* TASK DESCRIPTION:
Return, word for word, the lines of the listing below from the one with "akg5313395 Völkerkunde: Sinti" through the one with "ใช้เวลาประมาณ 8-10 นาที", and no other lines.

* MATERIAL PROVIDED:
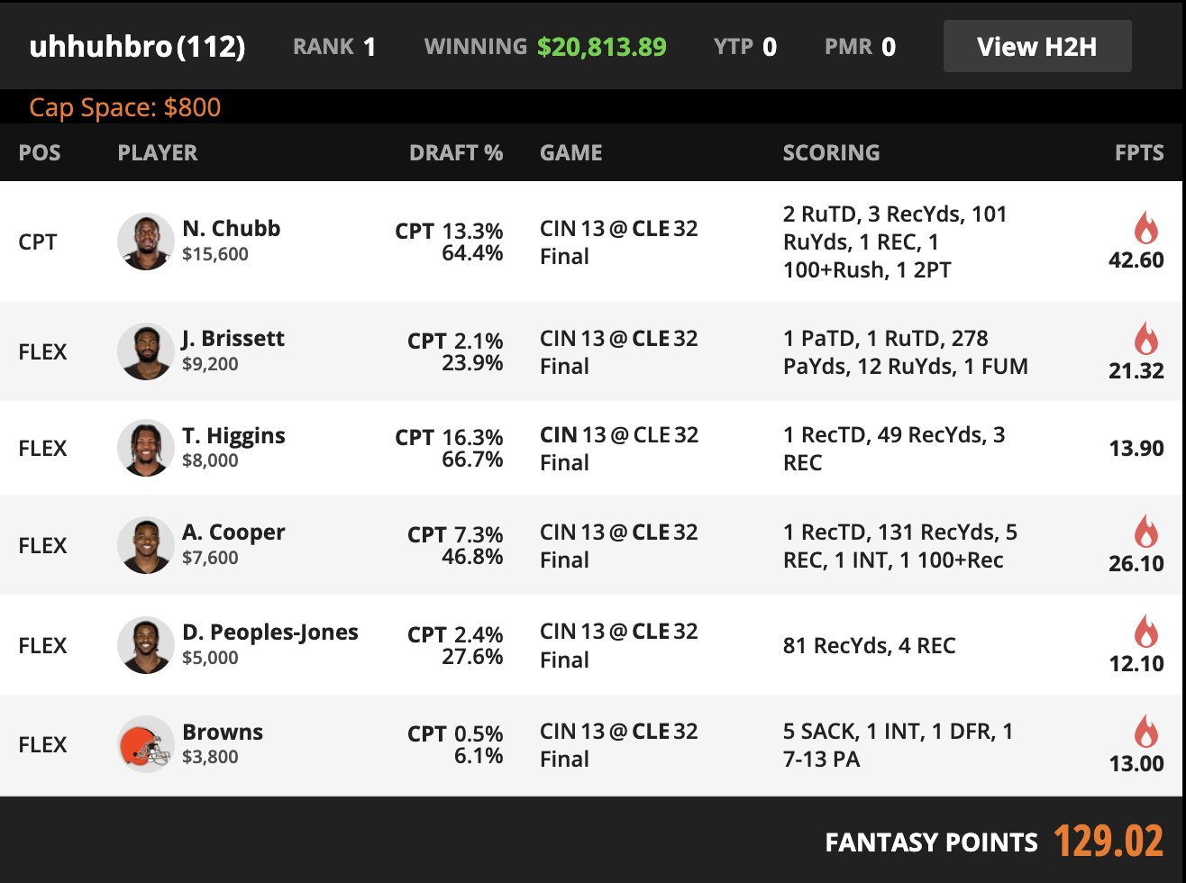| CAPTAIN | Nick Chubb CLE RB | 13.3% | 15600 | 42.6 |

* * *

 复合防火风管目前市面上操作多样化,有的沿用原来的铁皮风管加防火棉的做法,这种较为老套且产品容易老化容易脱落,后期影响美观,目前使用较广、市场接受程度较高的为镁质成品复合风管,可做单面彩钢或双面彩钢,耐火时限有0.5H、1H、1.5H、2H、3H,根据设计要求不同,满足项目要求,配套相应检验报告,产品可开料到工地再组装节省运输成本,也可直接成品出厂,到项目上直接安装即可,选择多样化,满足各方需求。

* * *

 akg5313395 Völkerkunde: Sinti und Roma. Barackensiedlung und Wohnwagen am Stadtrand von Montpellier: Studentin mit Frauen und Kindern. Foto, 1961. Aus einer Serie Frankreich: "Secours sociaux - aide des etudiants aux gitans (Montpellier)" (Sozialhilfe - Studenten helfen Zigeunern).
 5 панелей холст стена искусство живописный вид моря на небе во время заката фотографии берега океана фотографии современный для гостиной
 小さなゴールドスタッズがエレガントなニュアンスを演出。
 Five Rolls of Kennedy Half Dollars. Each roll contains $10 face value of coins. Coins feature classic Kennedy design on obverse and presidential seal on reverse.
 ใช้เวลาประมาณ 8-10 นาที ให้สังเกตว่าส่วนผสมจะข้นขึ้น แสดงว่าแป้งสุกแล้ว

* RESPONSE TO THE TASK:
 akg5313395 Völkerkunde: Sinti und Roma. Barackensiedlung und Wohnwagen am Stadtrand von Montpellier: Studentin mit Frauen und Kindern. Foto, 1961. Aus einer Serie Frankreich: "Secours sociaux - aide des etudiants aux gitans (Montpellier)" (Sozialhilfe - Studenten helfen Zigeunern).
 5 панелей холст стена искусство живописный вид моря на небе во время заката фотографии берега океана фотографии современный для гостиной
 小さなゴールドスタッズがエレガントなニュアンスを演出。
 Five Rolls of Kennedy Half Dollars. Each roll contains $10 face value of coins. Coins feature classic Kennedy design on obverse and presidential seal on reverse.
 ใช้เวลาประมาณ 8-10 นาที ให้สังเกตว่าส่วนผสมจะข้นขึ้น แสดงว่าแป้งสุกแล้ว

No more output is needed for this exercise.